Dammit, I already used “Good Son, Bad Movie” the last time I wrote a review for this thriller. I could wrack my brain to think of something clever but that pretty much summarizes it. The Good Son brings nothing new to the “Bad Seed” story. Its characters are flat and what’s set up doesn’t pay off in any satisfying way. This means you have the entire movie figured out as soon as the main characters are introduced.
10-year-old Mark Evans (Elijah Wood) is still grieving his recently deceased mother when he's sent to live with his aunt (Wendy Crewson) and uncle (Daniel Hugh Kelly) while his father is away on business. Befriending their son, Henry (Macaulay Culkin), Mark soon realizes the boy pretends to be nice and well-mannered but is actually a cruel sadist obsessed with death.
The story goes that in the early '90s, Hollywood felt like the time was right for a “classy” thriller about children and evil. Macaulay Culkin was cast as the malicious kid as a way to show audiences that he had greater range than they had seen previously. The problem is that Caulkin didn’t fit this part.
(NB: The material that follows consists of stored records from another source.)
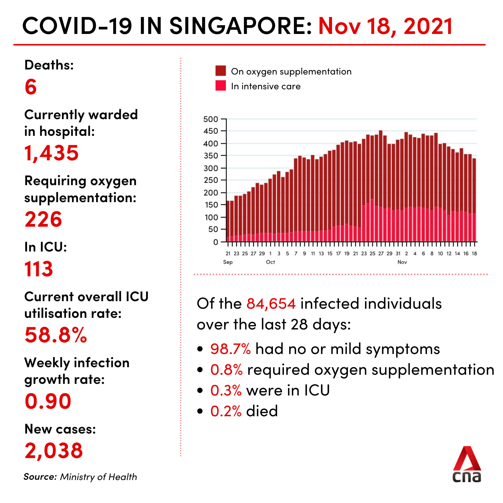 SINGAPORE: Singapore reported 2,038 new COVID-19 cases as of noon on Thursday (Nov 18), as the daily number of coronavirus-related deaths fell to its lowest in more than three weeks.
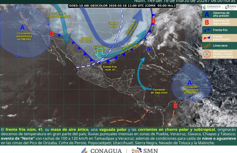 En las próximas 24 horas se prevé cielo parcialmente nublado a nublado, con probabilidad de lluvias fuertes a puntuales muy fuertes en Yucatán y Campeche, así como chubascos y lluvias puntuales fuertes en Quintana Roo. Esto debido a una vaguada inducida por el frente frío núm. 41, y a la posterior llegada del sistema frontal a la región. En zonas con tormenta podrían presentarse descargas eléctricas abundantes, fuertes vientos y caída de granizo (de manera aislada). Por su parte, la masa de aire ártico asociada favorecerá un evento de “Norte”, cuyas rachas podrían alcanzar los 55 km/h y 45 km/h en la costa de Yucatán y Campeche, respectivamente. Ambiente caluroso a muy caluroso durante el día y cálido en la noche.
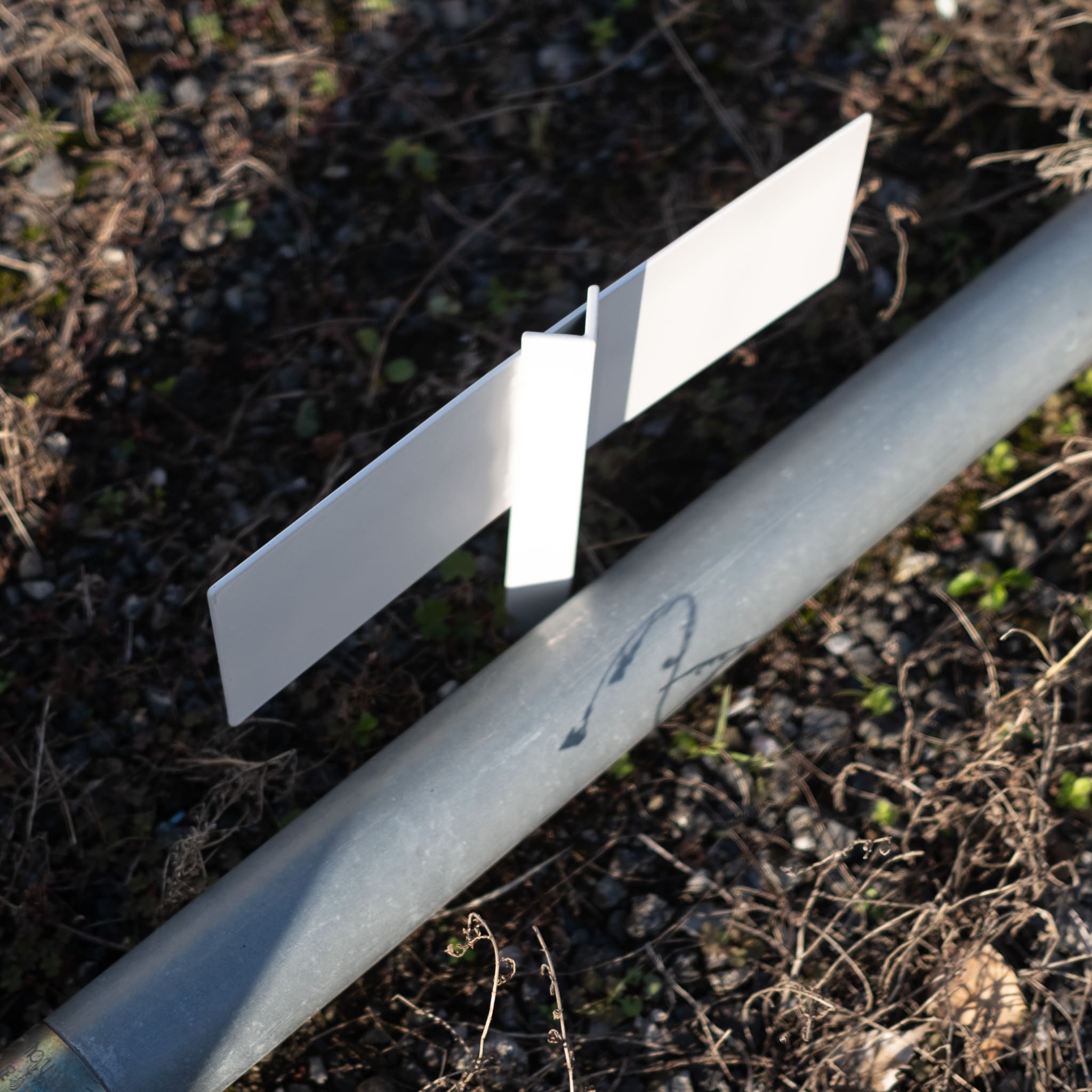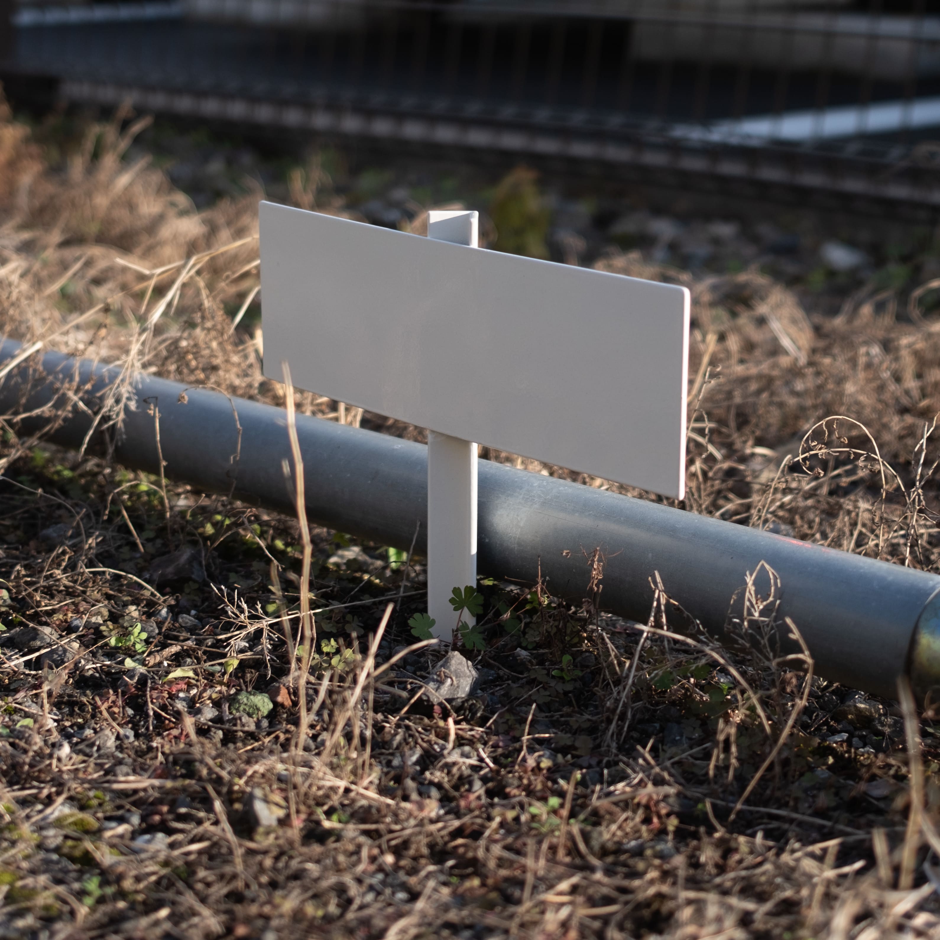 脚がV形状で回転しにくい打ち込みネームプレートです。駐車場のネームプレートや樹名板、看板などに。
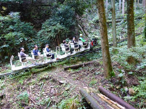 駐車場近くの東屋で休憩していると、意外にもモノレールに乗った人たちが上っていく。
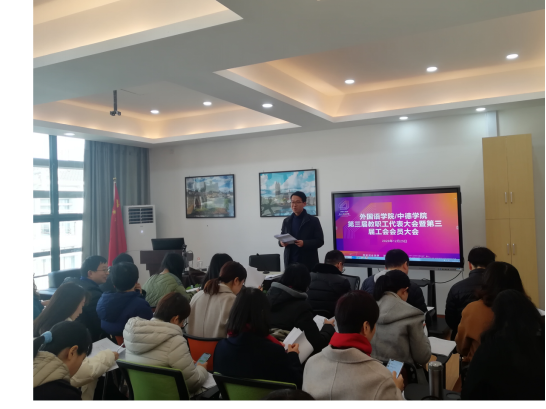 正式会议上,外国学院/中德学院院长朱吉梅做了学院2020年工作报告,分工会主席陈亚轩做了学院第二届分工会委员会工作报告,分工会委员做了院分工会2020年财务工作报告,并得到了会议的审议通过。

Even if you don’t see his face and flashback to a Christmas favorite, you don’t feel intimidated. I'm not saying that because there are few things as non-threatening as a 10-year-old. To compensate, the film takes many cheap shortcuts. Rather than make the film feel darker and edgier, these actually make it feel uninspired. We see Henry smoke but that's only shocking because it's something a little kid shouldn’t do. You see it as a tactic to provoke a reaction. There’s of course the obligatory curse word thrown in to make the sensitive mothers in the audience clutch their pearls and the standard stuff you’d expect out of this movie - the kind of bad behavior anyone with a brain would notice and bring up in a family therapy session. Henry wears creepy masks around the house. He has a shed in the woods where he collects animal bones, hangs dolls with nooses and has built a lethal crossbow. Most important of all, he speaks in a tone that screams “evil” because he never shows any vulnerability or emotion and delivers all of his lines as if they come from a teleprompter. I’m not saying that Culkin gives a bad performance but his dialogue clearly comes from an adult. You never buy it.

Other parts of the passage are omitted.